• [Problem to solve]:
Return exactly the lines from the one containing "Po poteh mojstrov" through the end of the material below, and leave the images out.

• [Record extracts]:
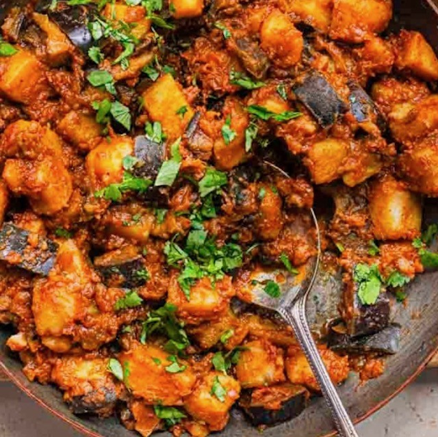 - Add the aubergine cubes and cook for another 10 minutes, until both are tender and lightly golden.
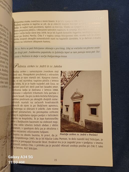 Po poteh mojstrov Felicijanov iz Rodika na razkrizju treh svetov Brkinov,Krasa in Istre,avtor Bozidar Premrl,letnik 2005,knjiga jma 30 strani,posljem po posti ali osebni prevzem.knjiga je v zaboju pod zaporedno stevilko 44.
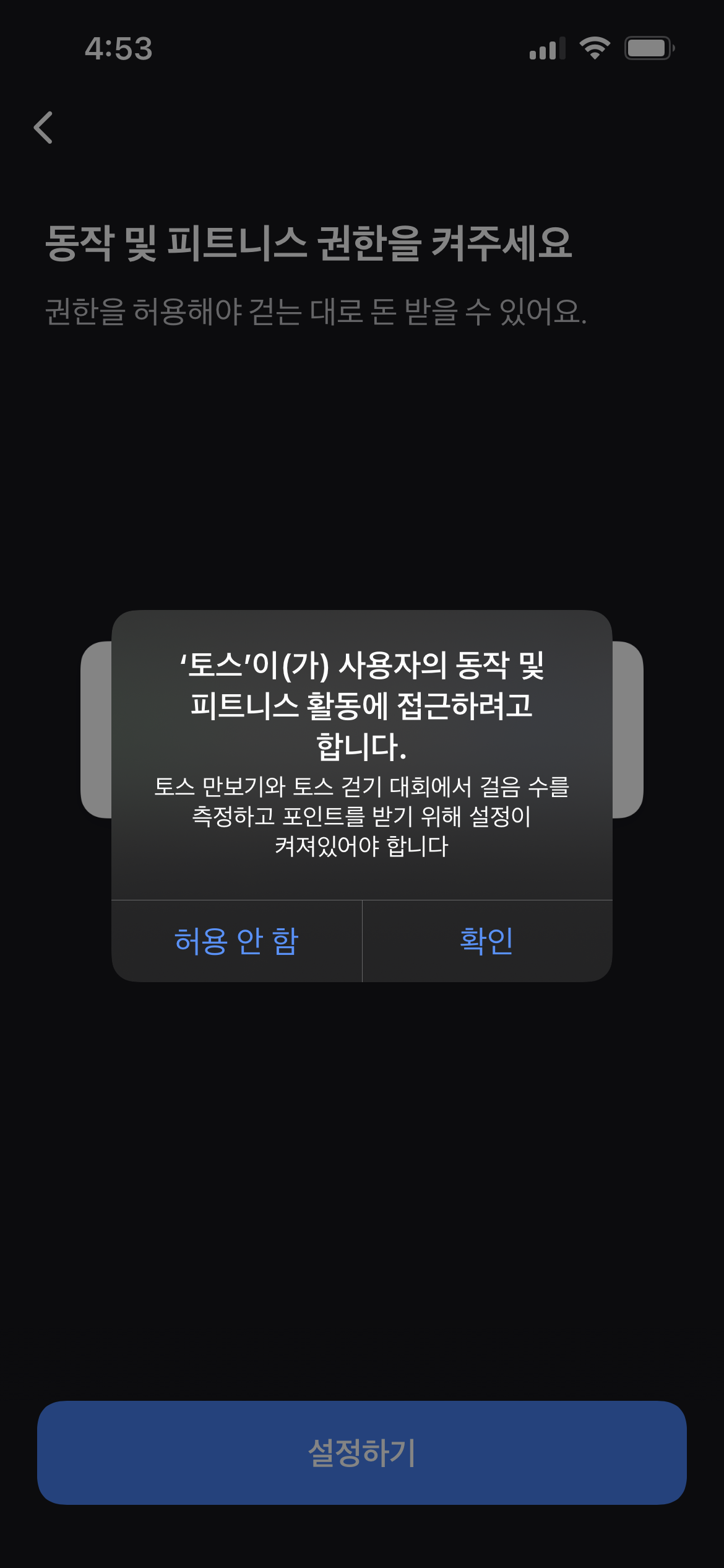 아이폰의 경우 토스에서 사용자의 동작 및 피트니스 활동 정보에 접근하도록 허용을 해줘야 합니다. 아이폰 사용자의 활동 정보도 개인정보이기 때문에 철저하게 지켜지고 있습니다.
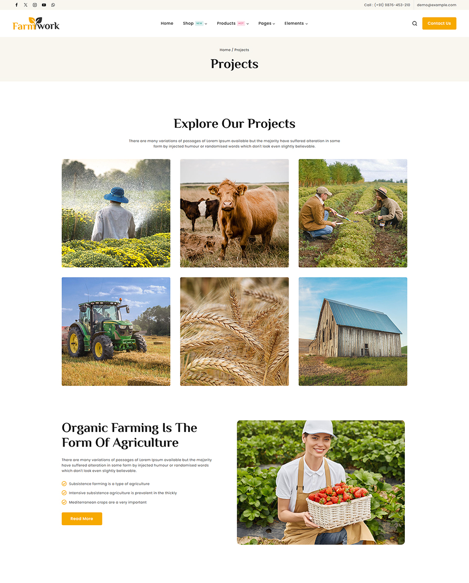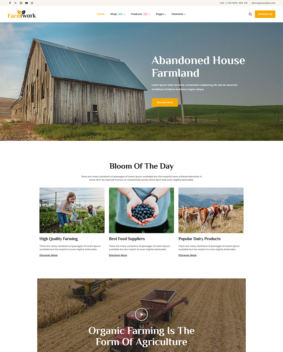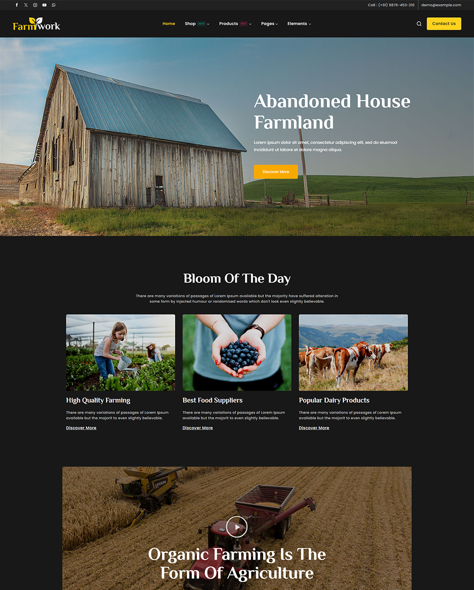 The Farmwork theme boasts a modern and clean design that is fully responsive and mobile-friendly. Your website will look great on any device, from desktop computers to tablets and smartphones, ensuring that your visitors have a seamless browsing experience no matter how they access your site.
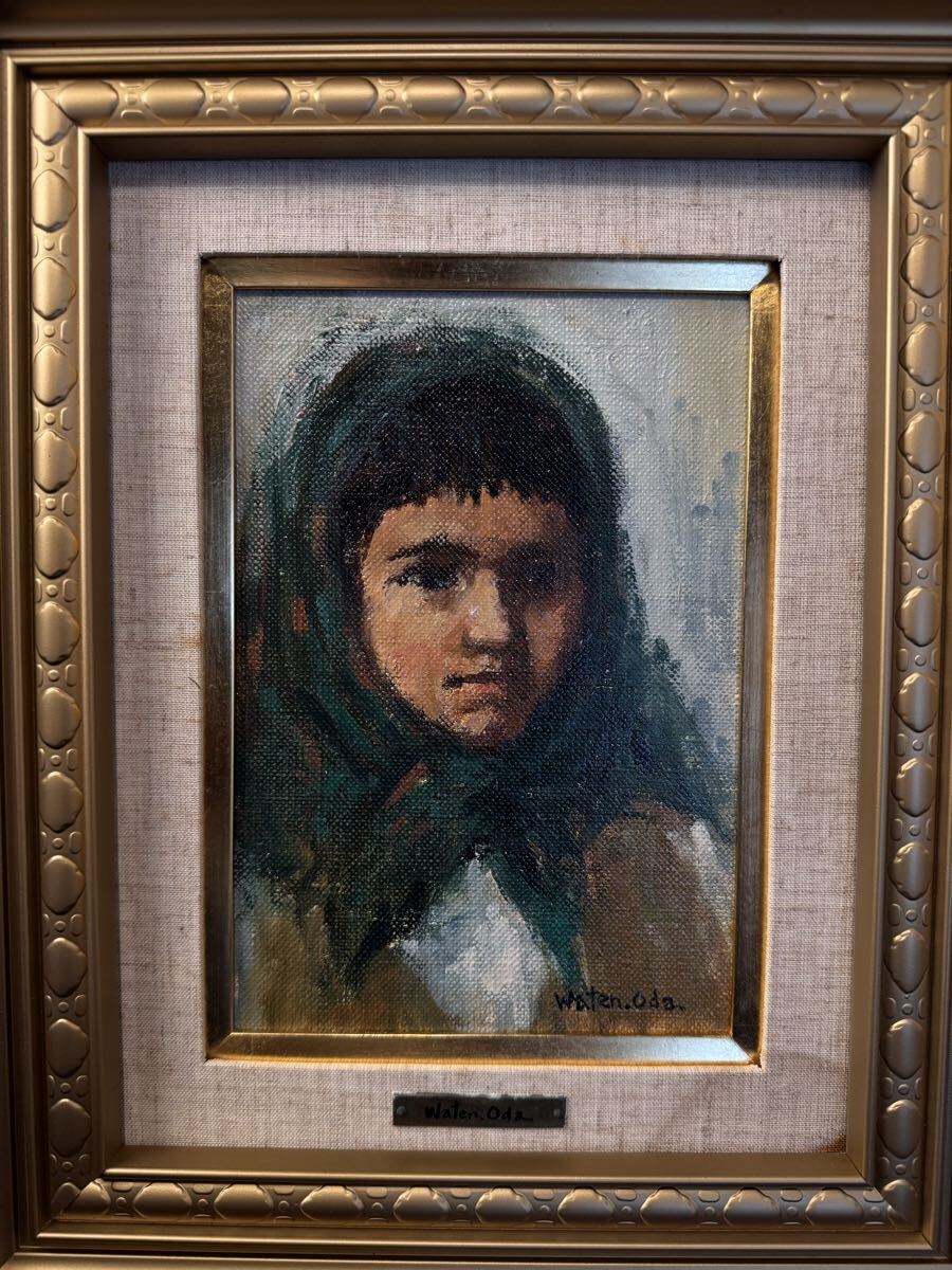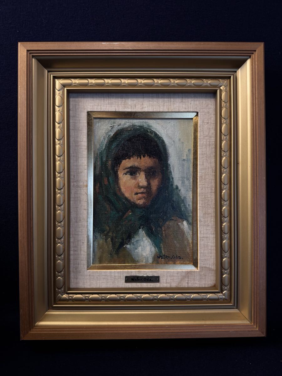 真作 小田和典 『 バスラの少女 』 油彩 SM号 ネームプレート付き シルクロード 福岡県 八女市 油絵 額装

• [Finished exercise]:
 Po poteh mojstrov Felicijanov iz Rodika na razkrizju treh svetov Brkinov,Krasa in Istre,avtor Bozidar Premrl,letnik 2005,knjiga jma 30 strani,posljem po posti ali osebni prevzem.knjiga je v zaboju pod zaporedno stevilko 44.
 아이폰의 경우 토스에서 사용자의 동작 및 피트니스 활동 정보에 접근하도록 허용을 해줘야 합니다. 아이폰 사용자의 활동 정보도 개인정보이기 때문에 철저하게 지켜지고 있습니다.
 The Farmwork theme boasts a modern and clean design that is fully responsive and mobile-friendly. Your website will look great on any device, from desktop computers to tablets and smartphones, ensuring that your visitors have a seamless browsing experience no matter how they access your site.
 真作 小田和典 『 バスラの少女 』 油彩 SM号 ネームプレート付き シルクロード 福岡県 八女市 油絵 額装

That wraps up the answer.